In my scenario, the new frame is one which began rendering two refreshes previous (it was rendered into C very quickly two refreshes back, moved to B at the last refresh, and at this refresh is finally moved to A and displayed). The lag is therefore always exactly two frames provided the card is capable of rendering a frame faster than the refresh-rate. At 60hz refresh the lag will therefore be a constant 0.033 seconds regardless of the framerate the card is capable of (provided it can maintain at least 60fps).
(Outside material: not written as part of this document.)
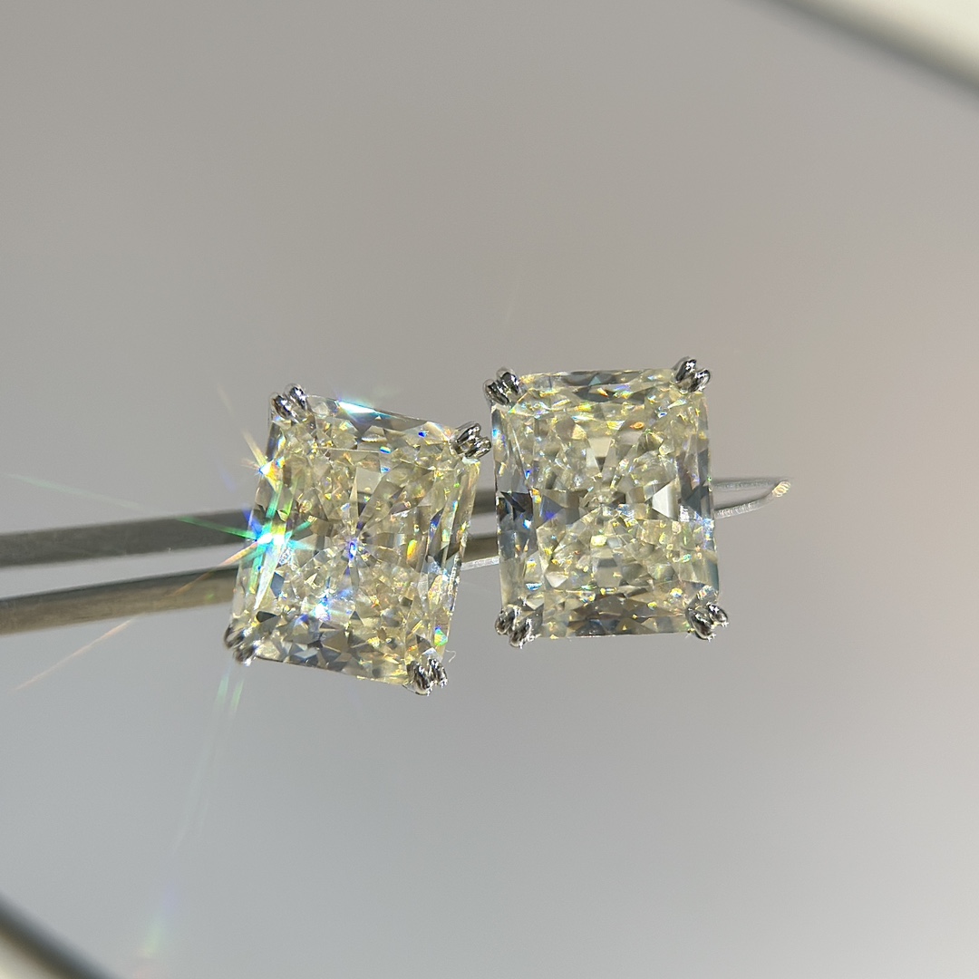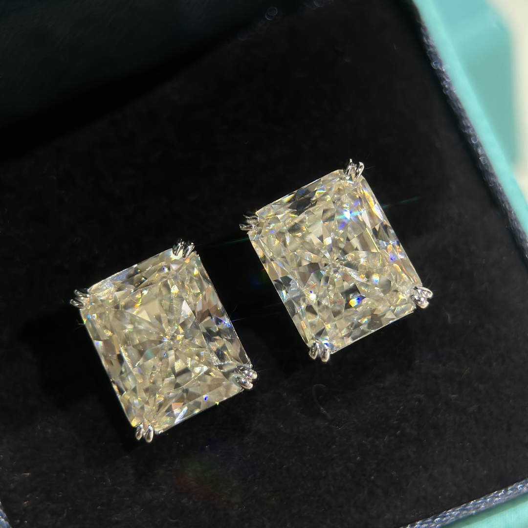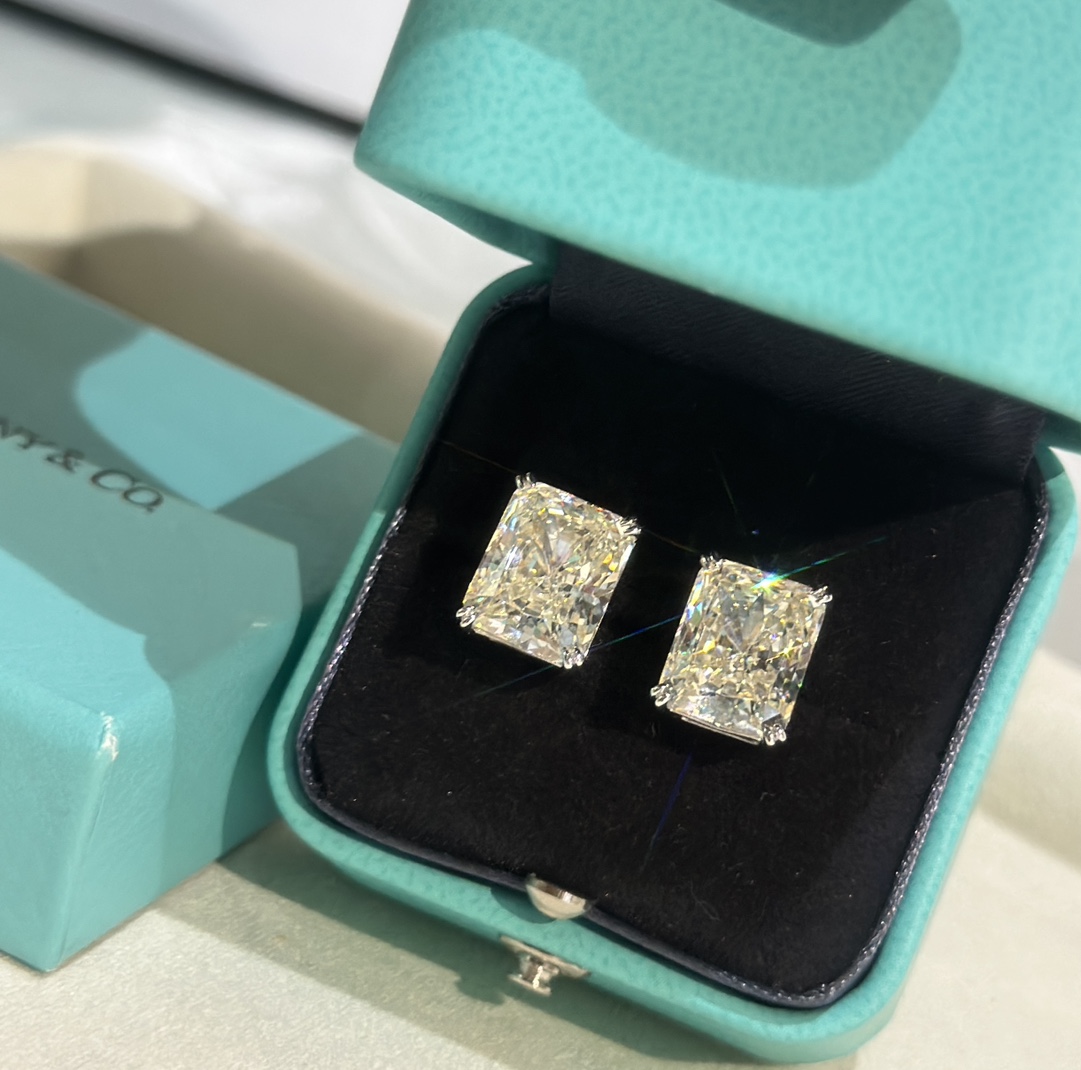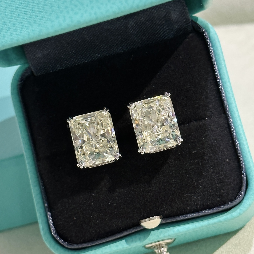 C476 【仿真鑽】T家 True 四爪 五克拉 方糖鑽石 耳釘 原單頂級S925純銀鑲嵌 採用四爪鑲嵌結構鑲座的位置更低,從而貼近肌膚,戒壁打磨為立體的坡面造型。超級逼真 效果超過真鑽 耳釘

Whilst the longer lag (0.033 vs 0-0.010) would be a disadvantage in some cases (your best option there is to use double-buffering with no vsync), it is a consistent lag which in most games will feel better. It also means your graphics-card isn't constantly producing frames many of which will never be seen.
The only problem is I don't know who is right. What I've said happens is what I've read on several other sites over quite a few years. Your article today Derek is the first time I've heard of a triple-buffering which involves the card continually updating the back-buffers.
Touche - Friday, June 26, 2009 - link
I agree. Every site and topic I've read about triple buffering said that it works like you've explained. That's why most people hate it. It does resolve framerate drop issues of DB+vsync, but introduces too much lag. I would really like Anandtech to check this and get back to us.DerekWilson - Saturday, June 27, 2009 - link
The problem and discrepancy come from the fact that MS implements render ahead in DX, and because the default is 3 frames people took this to be "triple buffering", but you could do 2 frame render ahead and no one is going to call it "double buffering" ...It's really a render queue rather than a page flipping method.
This article describes what, when people are talking about page flipping, "triple buffering" should refer to. This is also the way OpenGL works when triple buffering is enabled.
Touche - Sunday, June 28, 2009 - link
Have you seen this?http://msdn.microsoft.com/en-us/library/ms796537.a...">http://msdn.microsoft.com/en-us/library/ms796537.a...
http://msdn.microsoft.com/en-us/library/ms893104.a...">http://msdn.microsoft.com/en-us/library/ms893104.a...
DerekWilson - Wednesday, July 1, 2009 - link
What they are showing is 1 frame render ahead with vsync. In MS DX terms, this is a flip chain with 2 back buffers and a present interval of one.This is them calling it triple if uses three total buffers. This is still a flip queue and should be referred to as such to avoid confusion.
DerekWilson - Saturday, June 27, 2009 - link
Actually, I need to clarify and say that this is my understanding of the way triple buffering with OpenGL works under windows at this time.